Sure, what I'm saying is more that localStorage doesn't have the standards equivalent of an SLA guaranteeing it'll work for the "within the lifecycle of one page" use-case. Apple, I think, are just being opinionated (and pushy) here: they think the right way to tell a web-app "your localStorage won't save" is to undefine the API, making trying to write to or read from localStorage raise an exception, so that your app is then forced to decide whether it can go on without localStorage (by handling the exception, or by using a polyfill which does the same) or that it can't (by just telling the user "don't use this page in Private Browsing mode, doofus!" and stalling out.)

It's certainly not the approach everyone would be happy with, but it allows developers much more flexibility than the contrary case, where private browsing is a silent effect that might make apps do very stupid things (like, say, downloading the same huge asset bundle into localStorage over and over.)

> downloading the same huge asset bundle into localStorage

This would happen anyway no matter what storage or cache is used since all data is cleared after private browsing session is over.

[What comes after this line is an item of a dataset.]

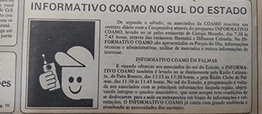 INFORMATIVO COAMO: A informação e transparência aos cooperados sempre foi objetivo da diretoria da cooperativa. E um dos canais para chegar ao quadro social era o rádio, por meio do programa Informativo Coamo apresentado nas manhãs de segunda a sábado, inicialmente pelas rádios Colméia e Humaitá, em Campo Mourão, e depois ampliado para várias regiões da área de ação.

Breaking localstorage (with an over-quota error) is not the way to deal with this. Polyfills are just more crap in complexity and downloaded bytes to compensate for a browser's issues.

It would be much better to have a navigator.isPrivate flag enabled so apps can check the environment accurately, not guess based on whether certain APIs work or not. It's not about SLAs but supporting standards. Deleting client-side data is all that private browsing needs to do.